Les pays autoritaires craignent «la contagion démocratique»

  • La posture diplomatique. Les révoltes démocratiques en Tunisie, en Égypte, puis en Libye ont braqué les projecteurs sur les dictatures arabes. Pour tenter de stopper la contagion des aspirations démocratiques, les pays de la Ligue arabe ont voulu réhabiliter leur image en soutenant l’initiative franco-britannique. Mais elle a été prise à son propre jeu, comme l’explique au nouvelobs.com Didier Billion, spécialiste du Moyen-Orient à l'Institut de relations internationales et stratégiques (Iris) : «la Ligue a accepté le principe d'une exclusion de la zone aérienne, tout en sachant que sauf surprise, une telle résolution ne sera pas votée au Conseil de sécurité de l'ONU en raison des réticentes traditionnelles de la Chine et de la Russie à l'ingérence. C'est une posture diplomatique». Sauf que, contre toute attente, la résolution 1973 a été votée.
  • Une caution pour l’Occident. D’autres experts, comme Vincent Geisser, chercheur à l'Institut de recherches et d'études sur le monde arabe et musulman (Iremam-CNRS), estime que les membres de la Ligue arabe ont donné un minimum de gages à l’Occident pour «garder les mains libres de réprimer chez eux»: l'entrée des chars saoudiens à Bahreïn pour aider le régime à rétablir l'ordre en est le parfait exemple. «Si des accords de coopération lient les deux pays, il n'en reste pas moins que cette action est une ingérence étrangère, explique Vincent Geisser. Et pourtant, il n'y a eu aucune condamnation ferme de la communauté internationale! Pour lui, l'Arabie saoudite mène clairement un double langage».

Les pays arabes sont divisés vis-à-vis de la Libye

  • La Syrie et l’Algérie sont deux pays traditionnellement amis du colonel Kadhafi. Ce dernier a en effet été un révolutionnaire socialiste avant de devenir un dictateur. Lors d’un coup d’Etat militaire, il a renversé la monarchie libyenne en 1969, à l’âge de 27 ans. Ce jeune officier, qui a commencé par instaurer un socialisme arabe (nationalisations), est devenu un exemple pour des Algériens encore sous le choc de leur propre indépendance.
  • En revanche, des pays comme la Tunisie et l’Égypte, à peine libérés eux-mêmes, n’ont pu qu’accompagner l’initiative franco-britannique par solidarité avec le peuple libyen assoiffé de démocratie.
  • Enfin, les États arabes du Golfe, dominés par l' Arabie saoudite , ont également soutenu le projet mais en exigeant cependant la caution de la Ligue arabe. Pour Luis Martinez, directeur scientifique au Centre de recherche sur l'Afrique et la Méditerranée (Ceram), «il aurait été très difficile pour ces régimes de ne pas se montrer en convergence avec la rue, alors même que les chaînes arabes comme Al-Jazeera et Al-Arabiya diffusent en boucle les combats entre les insurgés et les forces loyales à Kadhafi . Ils auraient été accusés d'abandon par leur opinion publique».

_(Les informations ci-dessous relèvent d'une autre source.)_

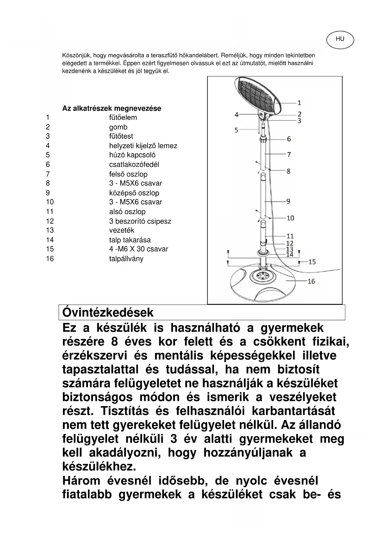 Óvintézkedések Ez a készülék is használható a gyermekek részére 8 éves kor felett és a csökkent fizikai, érzékszervi és mentális képességekkel illetve tapasztalattal és tudással, ha nem biztosít számára felügyeletet ne használják a készüléket biztonságos módon és ismerik a veszélyeket részt. Tisztítás és felhasználói karbantartását nem tett gyerekeket felügyelet nélkül. Az állandó felügyelet nélküli 3 év alatti gyermekeket meg kell akadályozni, hogy hozzányúljanak a készülékhez. Három évesnél idősebb, de nyolc évesnél fiatalabb gyermekek a készüléket csak be- éskikapcsolhatják azzal a feltétellel, hogy a készülék a rendes használati helyzetében legyen elhelyezve vagy felszerelve, kioktatták őket a készülék biztonságos használatáról, felügyelet alatt vannak, és a lehetséges veszélyeket megértették. Három évesnél idősebb, de nyolc évesnél fiatalabb gyermekek a készüléket nem dughatják be a konnektorba, nem szabályozhatják, tisztíthatják, és karbantartást sem végezhetnek rajta. FIGYELMEZTETÉSEK!

Amr Moussa est candidat à la présidence de l'Égypte

  • Le secrétaire général de la Ligue arabe se trouve, à titre personnel, dans une situation délicate. Il est candidat à la présidence de l’Égypte . Or, s’il est, disent les spécialistes, un diplomate reconnu, cet ancien ministre des Affaires étrangères âgé de 75 ans s’est accommodé du régime autoritaire du président Moubarak durant dix ans et trois gouvernements.
  • Amr Moussa joue donc double jeu. Officiellement, il vient de souhaiter que l’Égypte n’intervienne pas militairement aux côtés de la France, de la Grande-Bretagne et des États-Unis. «Pour des raisons touchant à sa sécurité intérieure, et au fait que de très nombreux Égyptiens vivent dans ce pays voisin, a déclaré le chef de la diplomatie égyptienne, Nabil Elarabi». Mais dans le même temps, écrit Le Point qui cite le Wall Street journal, l’Égypte fournirait depuis le début de la révolte des fusils d’assaut et des munitions aux insurgés.